Akgül, “Akaryakıt istasyonları şimdi de haraca bağlama merkezi yapılmak isteniyor. Bunu gündeme getirenlerin aklından şüphe ediyorum” dedi. 
Akaryakıt istasyonlarına, 1924 yılında çıkan Hafta Tatili Kanunu kapsamında pazar günleri açık olabilmeleri için 88 yıl sonra ruhsat zorunluluğu getirilmesi akaryakıtçıları isyan ettirdi. Söz konusu uygulama ile ilgili İHA muhabirine açıklama yapan Mersin Akaryakıtçılar Derneği Başkanı Akgül, Türkiye’de 1924 yılının Petrol Kanunu’nun çıktığı ilk yıl olduğunu, ikinci kanunun 1954’te 30 yıl sonra, üçüncünün ise bu tarihten tam 50 yıl sonra 2005 yılında Petrol Piyasası Kanunu olarak çıktığını anımsattı. 88 yıl sonra pazar günleri işyeri çalıştırma ruhsatı zorunluluğu getirildiği ifade eden Akgül, akaryakıt istasyonları yerel yönetimlere bağlı olduğu için belediyelerin mahiyetinde olacağını ve bunun için de belli bir para alınacağını söyledi. Bu paranın 800-850 TL civarında olacağını ve bir sefere mahsus değil, her yıl alınacağını dile getiren Akgül, “Bu, belediyelere yeni bir gelir kapısı sağlamak içinse bilmiyorum. Zaten akaryakıt istasyonları pazar günü de her gün de 24 saat açık işletmelerdir. Bir bakkal dükkanı, bir manav dükkanının pazar günü çalıştırma ruhsatı var. Eczacıların nöbetçi eczane uygulaması var. İşin açıkçası benim bakış açım, bu tür bir şeye karşı değilim ama biçim olarak karşıyım. Belki bu para 850 TL olmaz da 200-500 TL olur. Bu parayı yatıran her istasyon bu ruhsatı alabilecek. Pazar günü açık olmak isteyen her istasyon da o belgeyi almak isteyecek” dedi.

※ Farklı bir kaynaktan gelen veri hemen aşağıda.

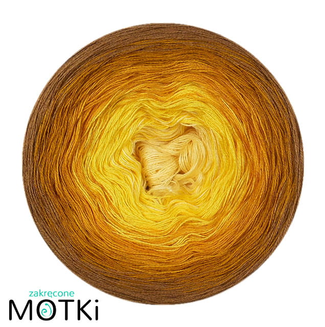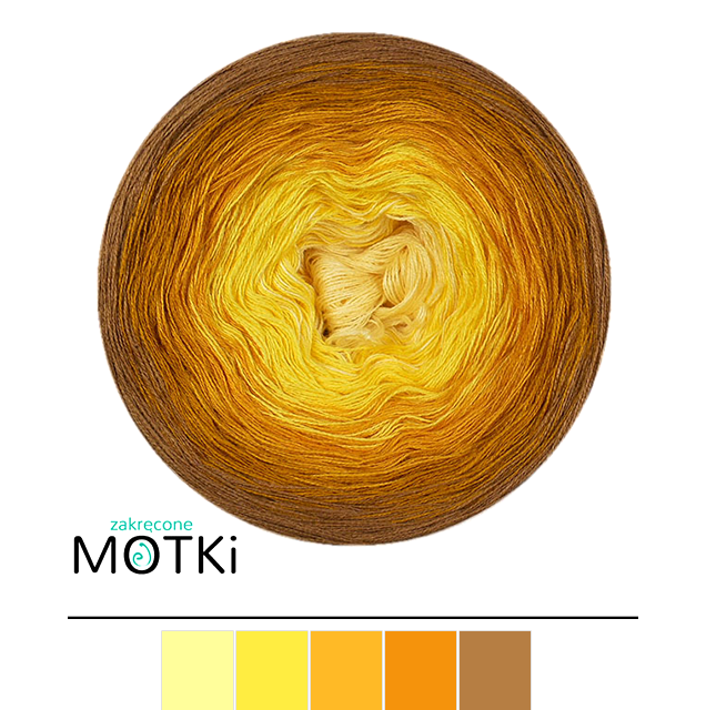 (5) Włóczka Ombre bawełna/akryl Futrzany Filozof: jasny żółty/ słoneczny żółty/ kurkuma/ curry/ ciepły brąz
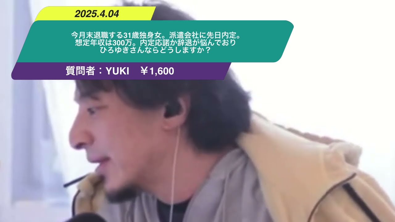 今月末退職する31歳独身女です。医療職で病院勤務10年 年収520万 失業手当や傷病手当を貰い2.3ヶ月働かず過ごそうと思っていました。ですが事務職に転職希望で別業界で転職出来るか心配で早めにエージェントを利用し活動してしまったところ、派遣会社に先日内定貰いました。想定年収は300万。内定応諾か辞退が悩んでおりひろゆきさんならどうしますか。他の企業は書類や面接でかなり落ちその企業が唯一の内定でした
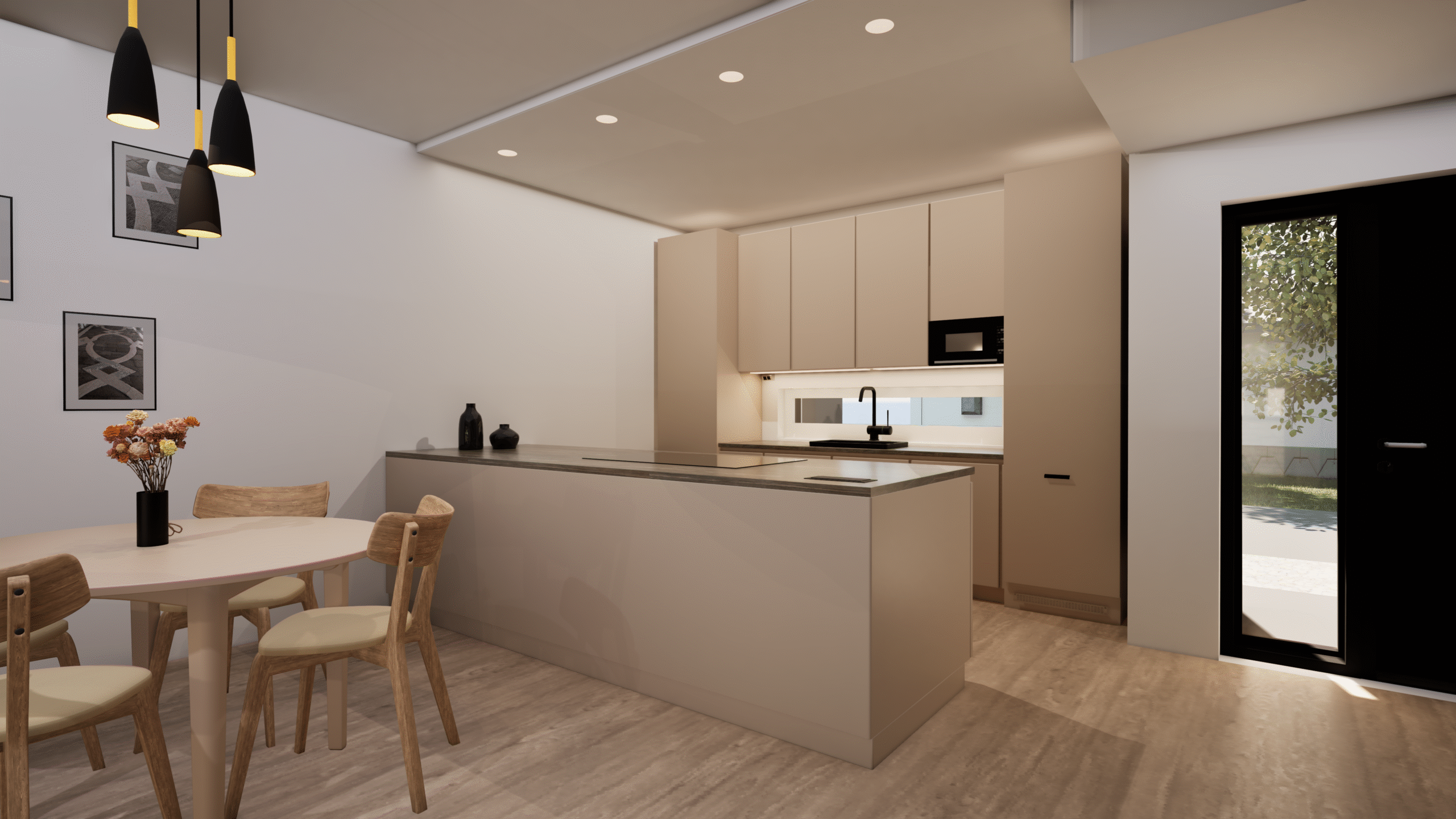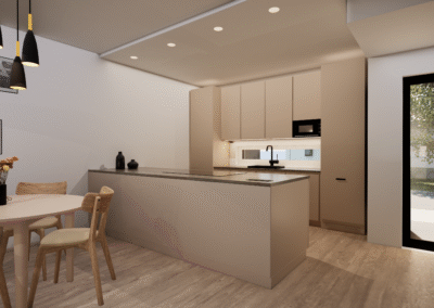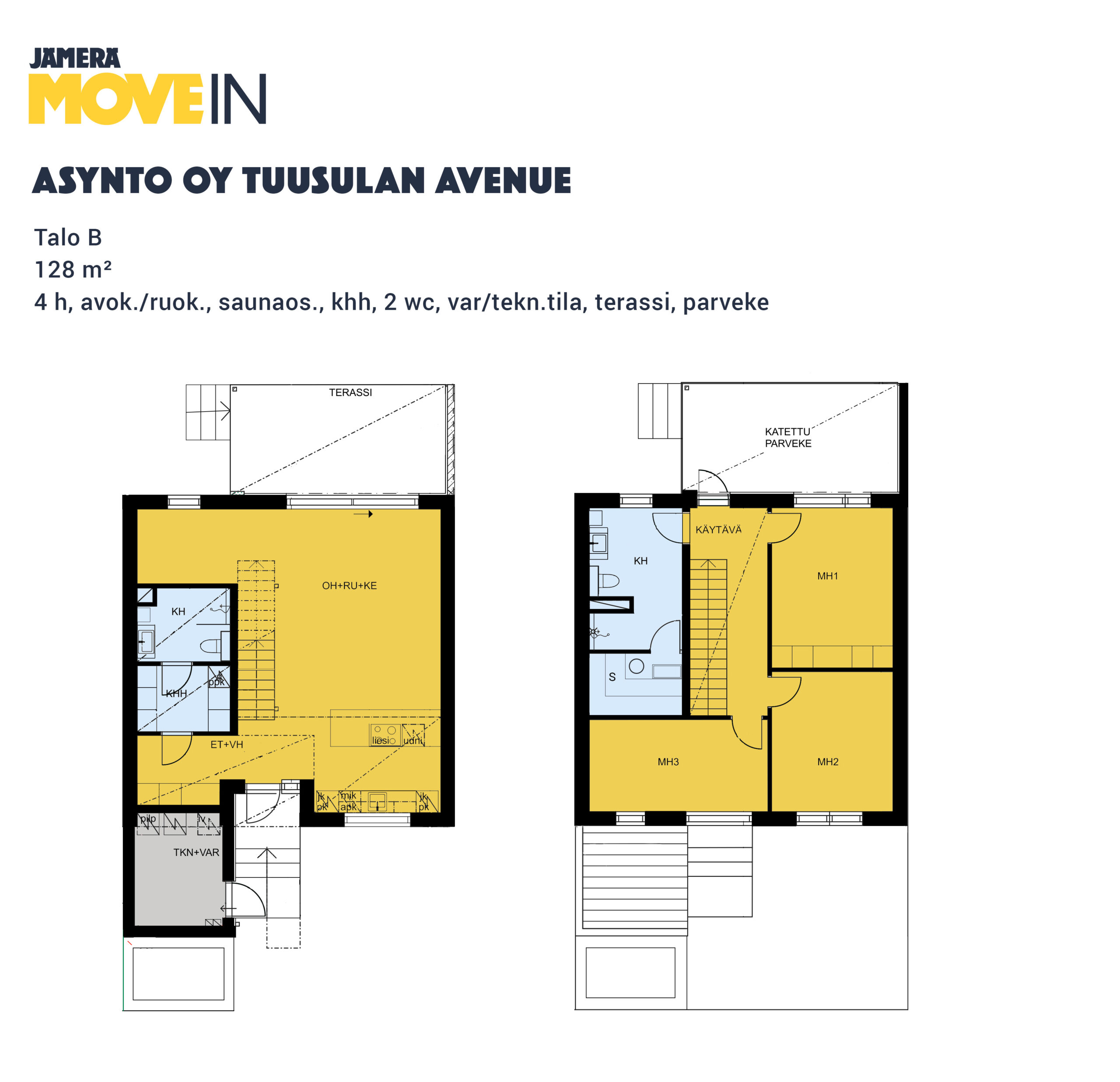 Townhouse-talo B tarjoaa 128 m² harkittua tilaa kahdessa kerroksessa, yhdistäen modernin asumisen toimivuuteen ja viihtyvyyteen. Avaran olohuoneen, ruokailutilan ja avokeittiön kokonaisuus täyttää arjen tarpeet tyylillä, ja suuret ikkunat tuovat runsaasti luonnonvaloa sisään. Terassin yhteydessä oleva pieni nurmialue tarjoaa viihtyisän tilan oleskeluun.

“BELEDİYELERE YENİ BİR RANT KAPISI”
Ruhsat zorunluluğunun hükümetten belediyelere yeni bir rant kapısı olduğunu iddia eden Akgül, tepkisini şu sözlerle dile getirdi: “Biliyorsunuz belediyeler her yıl istasyonlardan dünya kadar para alıyor. Miktarları 20-30 bin liraya varan bir para, istasyon başına. Bu yetmemiş gibi şimdi bu yeni formaliteden ne anlamda, ne amaçla bunu getirdilerse, yani 1924 yılında çıkan, gündeme gelmesi gereken en son durum. Yani bu kadar zor şartlar altında GSM ruhsatını alan, bu kadar para veren akaryakıtçılar için bu mu gerekliydi? Ben bunu komik görüyorum. Başka bir şey söylemeye gerek yok. Bunu mahkemeye götürmeye bile değmez. Şimdiye kadar biz her seferinde söyledik, nasıl akaryakıt istasyonları birer vergi toplama merkezi ise şimdi de haraca bağlama merkezi yapılmak isteniyor. Ben bunu çıkaranların, uygulamak isteyenlerin, bunu gündeme getirenlerin aklından şüphe ediyorum.”

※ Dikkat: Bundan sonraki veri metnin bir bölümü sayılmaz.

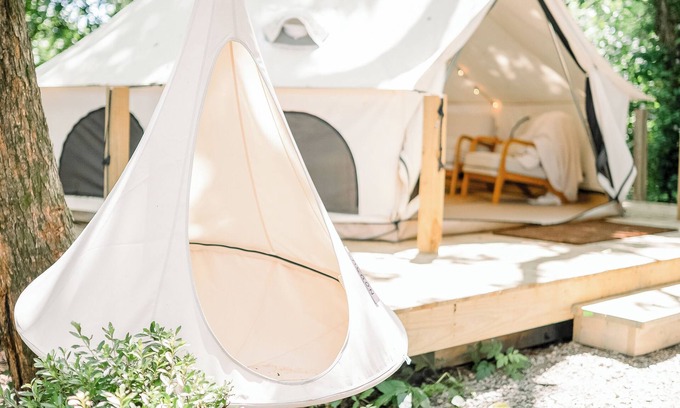 Enjoy a modern stay in our Timberwolf mobile unit, surrounded by beautiful nature! Relax inside with comfortable furnishings and visit the cozy coffee shop on the property. It's the ideal spot for your next adventure!
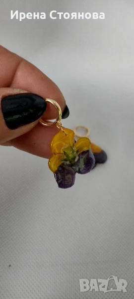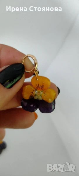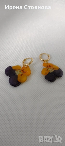 , снимка 5 - Обеци - 50565584 Мини обечки с естествен цвят на мини градинска теменужка. Цветче с размери 2/2 см.
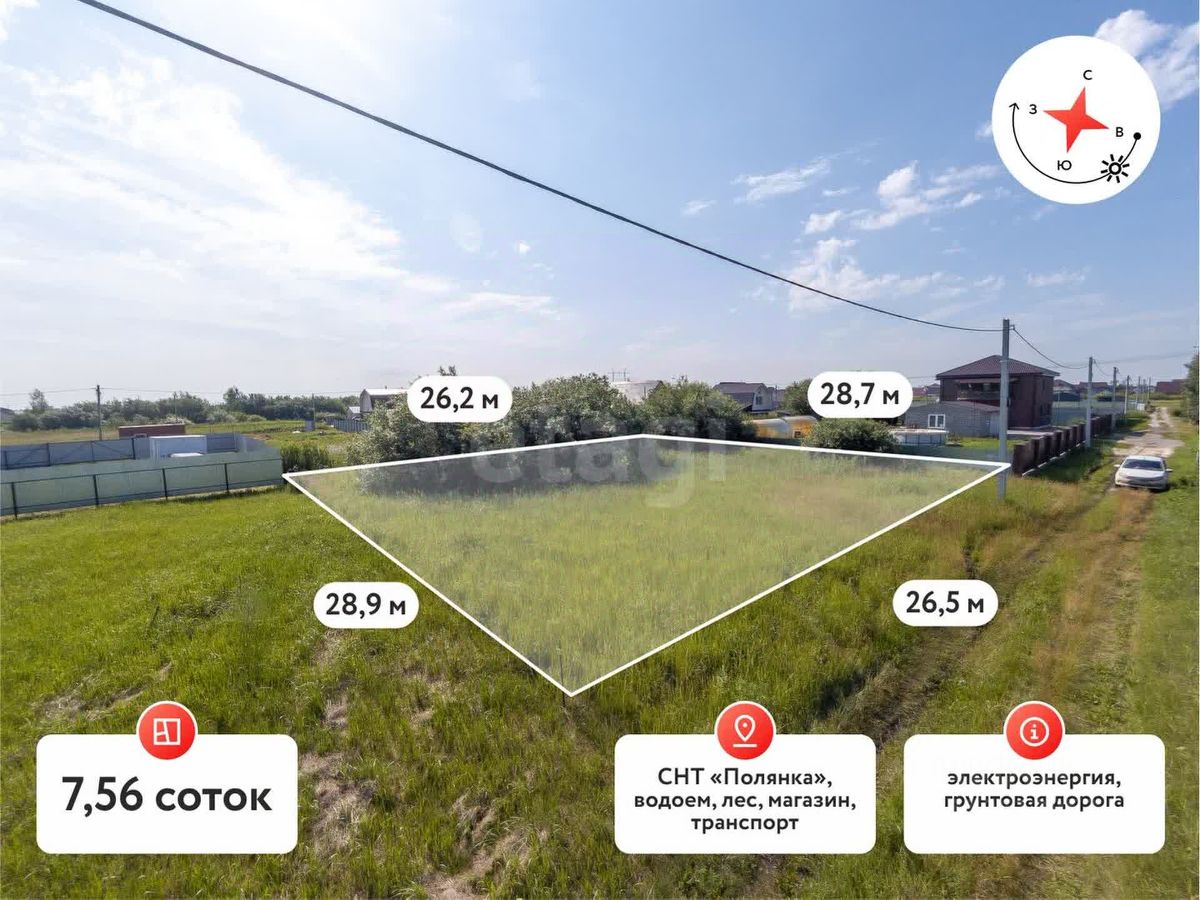 ОБЪЕКТ: Продаётся земельный участок, площадью 8 соток, который расположен вблизи от города Тюмени, по Салаирскому тракту,район Казарово, рядом пос.Березняки. Участок угловой.
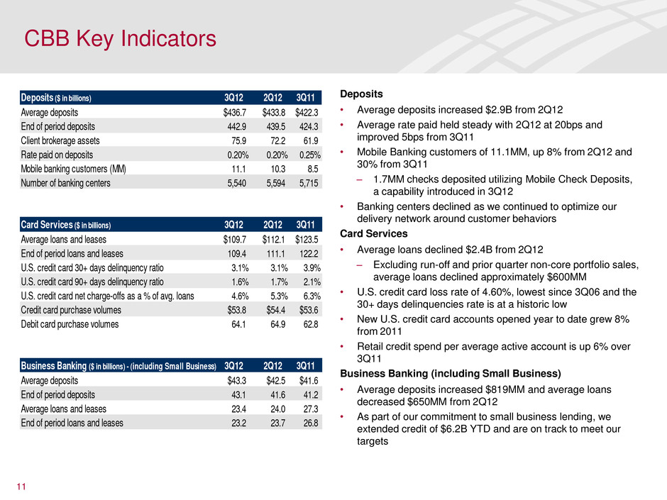 10 • Net income of $1.3B increased $130MM from 2Q12 • Net interest income of $4.7B decreased modestly due to compressed deposit spreads • Noninterest income decreased $202MM due to the 3Q12 impact of our consumer protection products and, to a lesser degree, gains from loan portfolio divestitures in 2Q12 • Provision expense decreased $161MM from 2Q12 due to improvements in delinquencies and bankruptcies – Net charge-offs improved $170MM from 2Q12 • Noninterest expense decreased $299MM from 2Q12 primarily from lower interchange litigation costs and lower operating expenses Consumer & Business Banking (CBB) $ in millions 2Q12 3Q11 Net interest income 1 $4,651 ($54) ($498) Noninterest income 2,419 (202) (559) Total revenue, net of interest expense 1 7,070 (256) (1,057) Provision for credit losses 970 (161) (162) Noninterest expense 4,061 (299) (286) Income tax expense 1 754 74 (230) Net income $1,285 $130 ($379) Key Indicators ($ in billions) 3Q12 2Q12 3Q11 Average deposits $480.3 $476.6 $464.3 End of period deposits 486.9 481.9 465.8 Average loans 133.9 136.9 151.5 End of period loans 133.3 135.5 149.7 Return on average economic capital 2 21.8% 20.3% 30.4% Inc/(Dec) 3Q12 ____________________ 1 FTE basis. 2 Calculated as net income, adjusted for cost of funds and earnings credits and certain expenses related to intangibles, divided by average economic capital. Economic capital represents allocated equity less goodwill and a percentage of intangible assets. Represents a non-GAAP financial measure. For reconciliations to GAAP financial measures, see the accompanying reconciliations in the earnings press release and other earnings-related information.

Ruhsat zorunluluğuna şekil olarak karşı olduğuna vurgu yapan Akgül, bu uygulama ile istasyonların bir para toplama merkezi gibi görülmemesi gerektiğini kaydetti. Akaryakıtçıların Gayri Sıhhi Müessese (GSM) ruhsatı aldıkları bilgisini veren Akgül, şöyle devam etti: “Basit alınan bir ruhsat değildir. Bunu bir seferde alıyorsun, belli bir harca tabidir. Bu çerçevede pazar tatili için ruhsat alınmış nedir alınmamış nedir, benim gözümde bir kağıt parçası, alınıp oraya asılacak. Yani istasyoncudan yıllık 850 TL’lik bir para kazanmış olacak. Biz bürokrasiden, kağıtlardan kurtulmaya çalışırken, tam tersi oluyor. Zaman kaybı. Bu, belediyeleri güçlendirmek içinse bunu alsın GSM ruhsatının üstüne koysun ve bir seferde alsın.”

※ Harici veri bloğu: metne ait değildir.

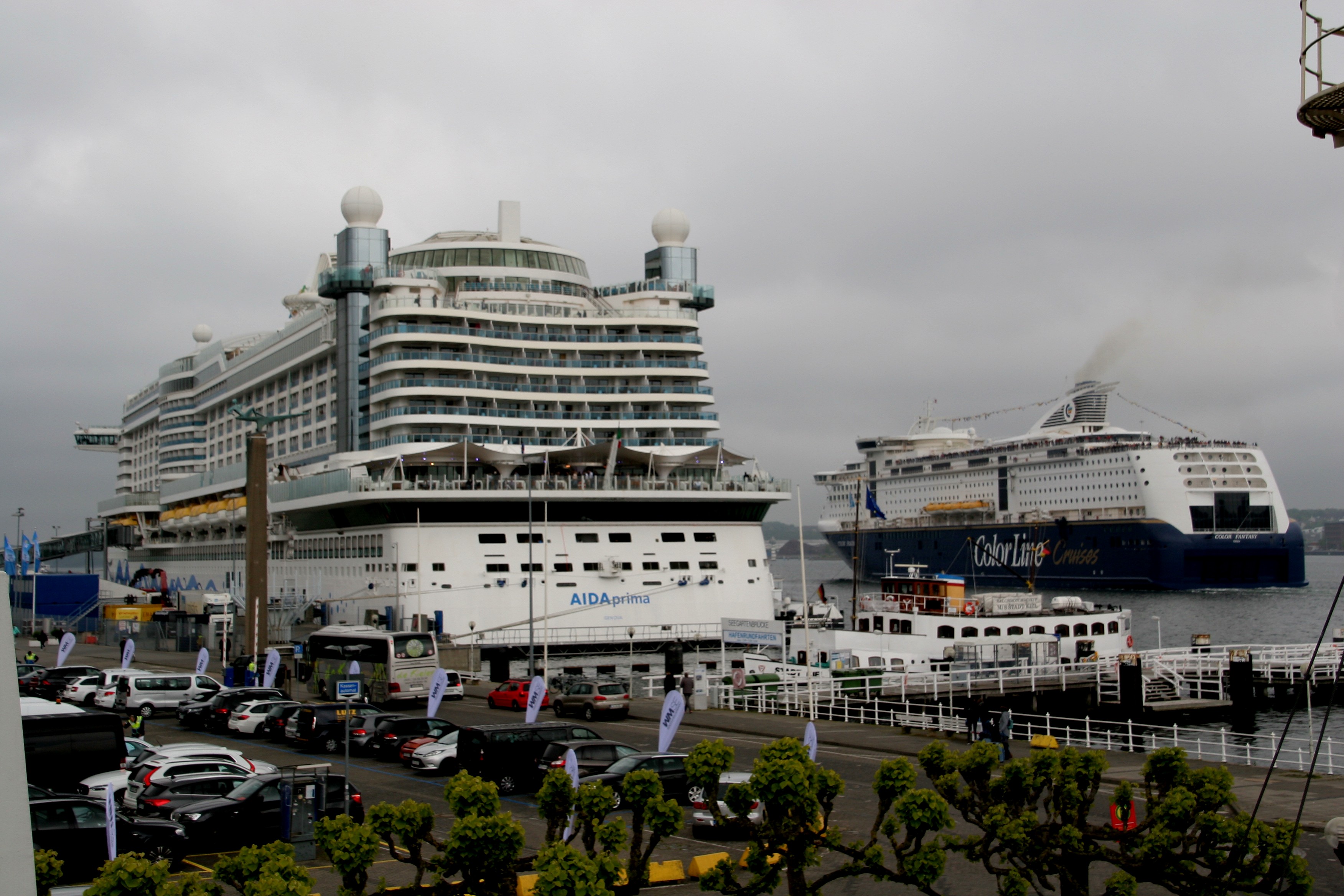Die "Color Fantasy" um 14:09h in Höhe der AIDAprima am Ostseekai

“BEN OLSAM BAZI İSTASYONLARI GECE KÖKTEN KAPATIRIM”
Pazar günleri uygulamasının ötesinde dikkat çekmek istediği konunun, gece açık istasyonlar olduğunu da belirten Akgül, trafik akışının çok az ya da hiç olmadığı güzergahlarda sabaha kadar açık olan akaryakıt istasyonlarının gece kapanması önerisinde bulundu. Akgül, “Hani istasyonlarda bir ışıklandırma görürsünüz, çok lükstür ama o yolda gece trafik akmaz, sabaha kadar bir araç bile geçmez ya da en fazla 3 araç geçer. Ama sabaha kadar o ışıklar hep yanık kalır, orada çalışan işçi hep ayakta kalır. 365 günde eğer 365 ton yakıt satılıyorsa o istasyonda, bunun 360 tonu gündüz, 5 tonu gece satılmıştır. Ama yaktığı elektriğe bakarsan, her ay 3 bin 500 lira elektrik parası veriyorsa bir istasyon, yaktığı elektriğin yüzde 80’ini gece satış olmadığı dönemde yakmıştır. Avrupa’da bazı istasyonlar gece kapalıdır ve işçi çalıştırmak da yasaktır istasyonlarda. Ben bundan yanayım. Bakanlık ya da Enerji Piyasası Düzenleme Kurulu ya da Bakan Hayati Yazıcıoğlu galiba bunun üzerinde durdu ve bu hale getirdiler ama ben olsam, gecenin bir saati ya da pazar günleri bazı istasyonları kökten kapatırım. Çünkü zaten trafik akışının olmadığı yerler buralar. Orada boşuna personel çalıştırmamanın, elektrik ve su harcamamanın istasyoncu için daha karlı olacağına inanıyorum. Pazar nöbetlerinden ziyade bunun üzerinde durmak, buna dikkat çekmek gerekir” diye konuştu.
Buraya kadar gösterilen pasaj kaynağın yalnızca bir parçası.